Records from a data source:

────────

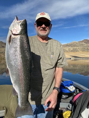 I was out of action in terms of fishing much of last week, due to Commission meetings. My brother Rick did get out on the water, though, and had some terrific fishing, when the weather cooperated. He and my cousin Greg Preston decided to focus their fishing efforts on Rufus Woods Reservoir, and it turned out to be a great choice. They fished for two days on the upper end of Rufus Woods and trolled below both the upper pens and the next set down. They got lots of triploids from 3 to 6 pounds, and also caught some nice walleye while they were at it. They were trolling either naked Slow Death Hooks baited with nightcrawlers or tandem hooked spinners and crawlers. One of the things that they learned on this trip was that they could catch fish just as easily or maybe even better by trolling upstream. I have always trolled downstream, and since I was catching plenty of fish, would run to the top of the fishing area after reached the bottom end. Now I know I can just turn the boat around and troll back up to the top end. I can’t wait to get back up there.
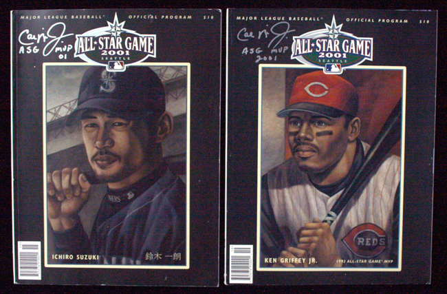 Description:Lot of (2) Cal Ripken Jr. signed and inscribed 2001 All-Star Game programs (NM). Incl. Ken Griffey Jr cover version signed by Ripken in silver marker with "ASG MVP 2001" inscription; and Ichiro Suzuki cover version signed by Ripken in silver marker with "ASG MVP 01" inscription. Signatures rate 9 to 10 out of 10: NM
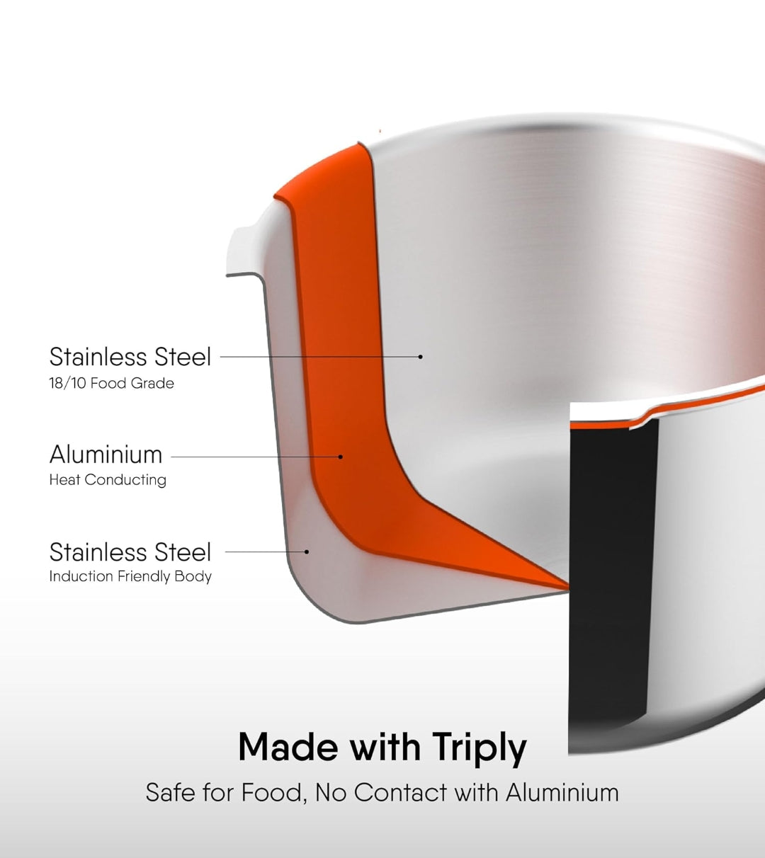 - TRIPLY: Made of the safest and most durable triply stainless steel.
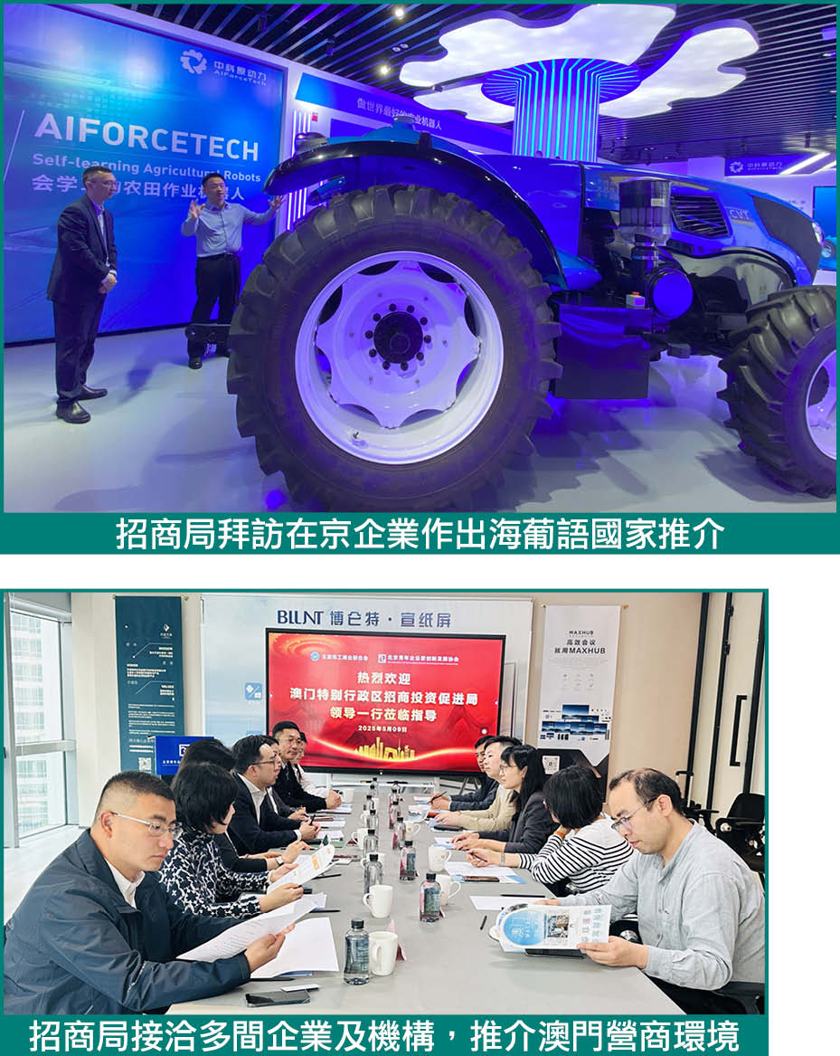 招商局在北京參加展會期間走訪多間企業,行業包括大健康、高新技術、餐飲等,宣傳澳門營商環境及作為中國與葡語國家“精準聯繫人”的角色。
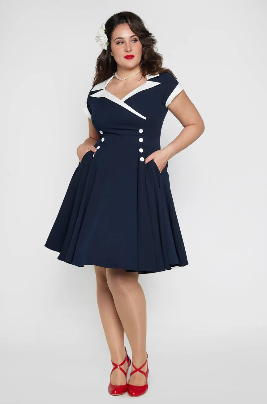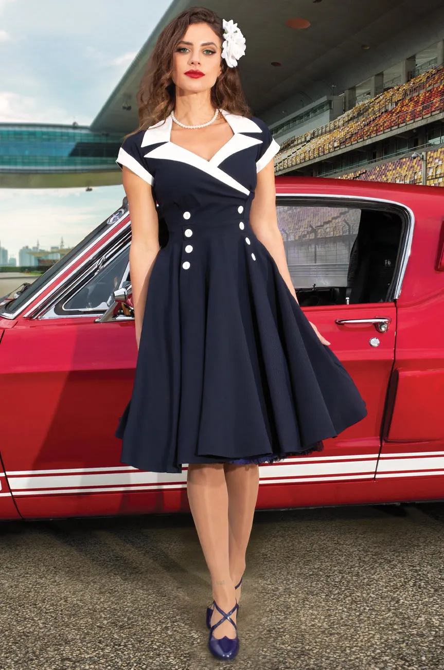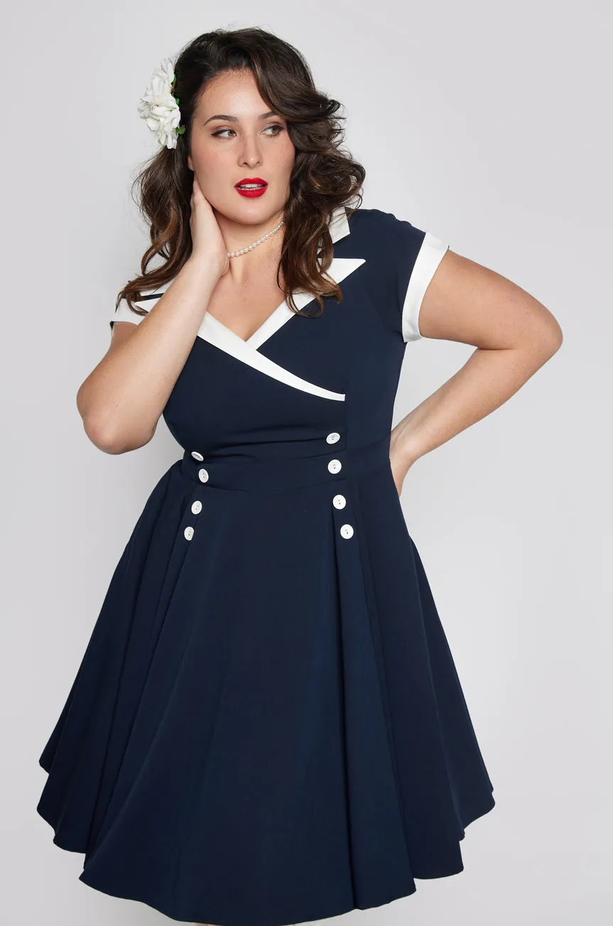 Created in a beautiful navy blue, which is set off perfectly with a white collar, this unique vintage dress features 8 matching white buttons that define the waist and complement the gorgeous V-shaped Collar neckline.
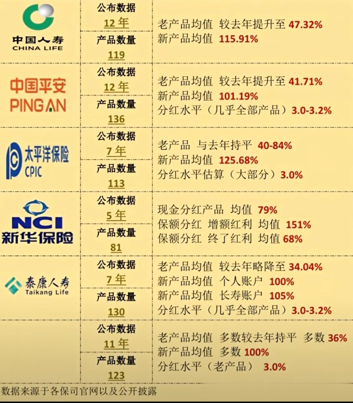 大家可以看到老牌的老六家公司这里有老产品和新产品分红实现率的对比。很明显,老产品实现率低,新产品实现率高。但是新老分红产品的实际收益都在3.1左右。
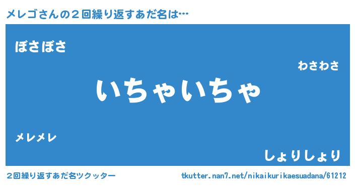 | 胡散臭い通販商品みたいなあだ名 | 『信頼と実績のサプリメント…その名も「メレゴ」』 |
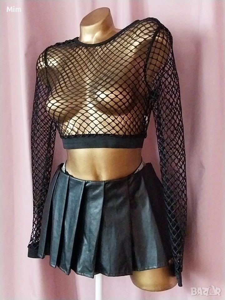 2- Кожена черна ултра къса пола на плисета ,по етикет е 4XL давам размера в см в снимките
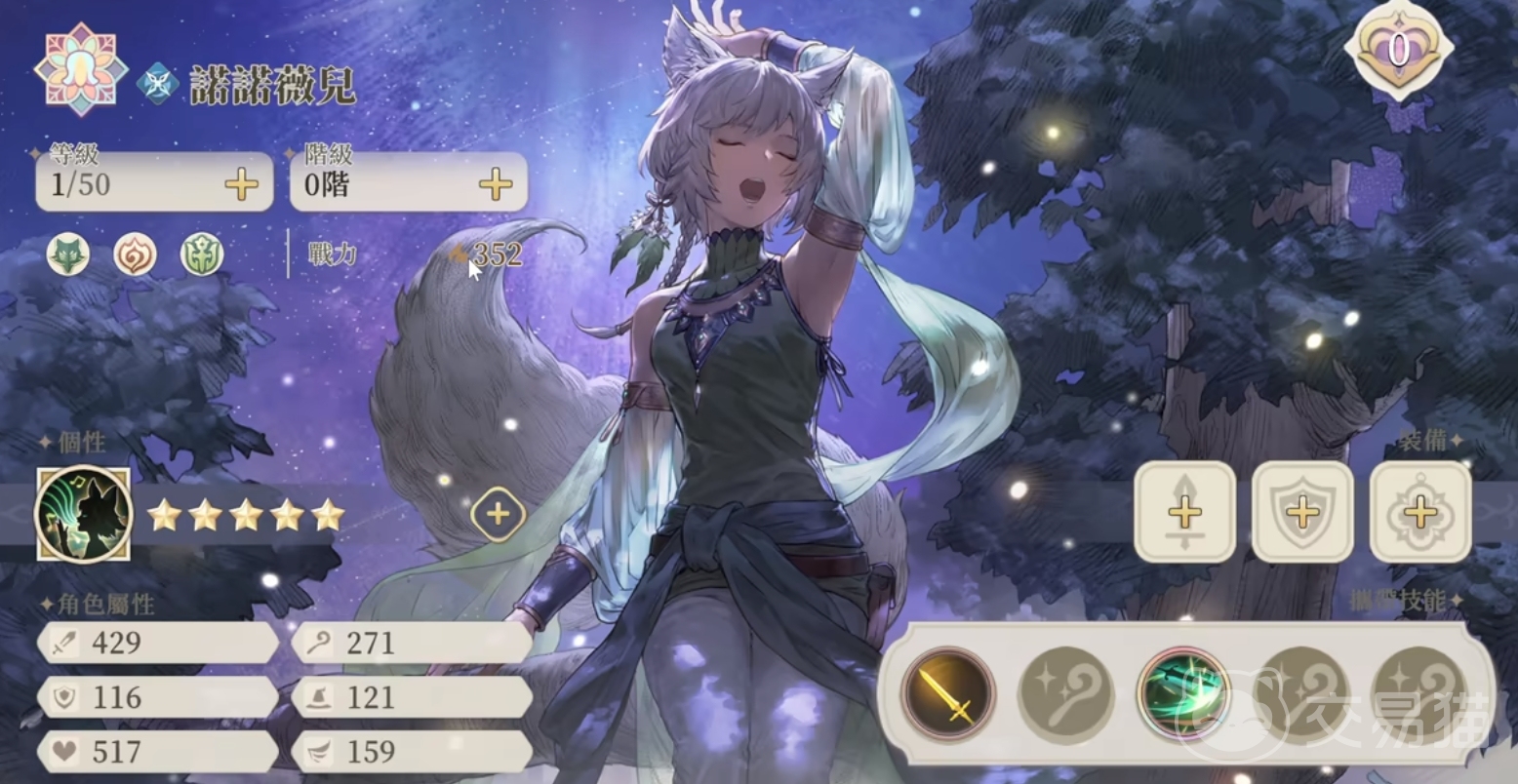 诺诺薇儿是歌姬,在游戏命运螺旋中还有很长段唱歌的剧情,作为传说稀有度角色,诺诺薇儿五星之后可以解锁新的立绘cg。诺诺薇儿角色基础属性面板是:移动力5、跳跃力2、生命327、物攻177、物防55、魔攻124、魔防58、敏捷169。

────────

WORK REQUEST: Exact text is required for the lines from the one with "Created in a" through the last line of the entries, both included. Omit pictures.

EXPECTED OUTPUT:
 Created in a beautiful navy blue, which is set off perfectly with a white collar, this unique vintage dress features 8 matching white buttons that define the waist and complement the gorgeous V-shaped Collar neckline.
 大家可以看到老牌的老六家公司这里有老产品和新产品分红实现率的对比。很明显,老产品实现率低,新产品实现率高。但是新老分红产品的实际收益都在3.1左右。
 | 胡散臭い通販商品みたいなあだ名 | 『信頼と実績のサプリメント…その名も「メレゴ」』 |
 2- Кожена черна ултра къса пола на плисета ,по етикет е 4XL давам размера в см в снимките
 诺诺薇儿是歌姬,在游戏命运螺旋中还有很长段唱歌的剧情,作为传说稀有度角色,诺诺薇儿五星之后可以解锁新的立绘cg。诺诺薇儿角色基础属性面板是:移动力5、跳跃力2、生命327、物攻177、物防55、魔攻124、魔防58、敏捷169。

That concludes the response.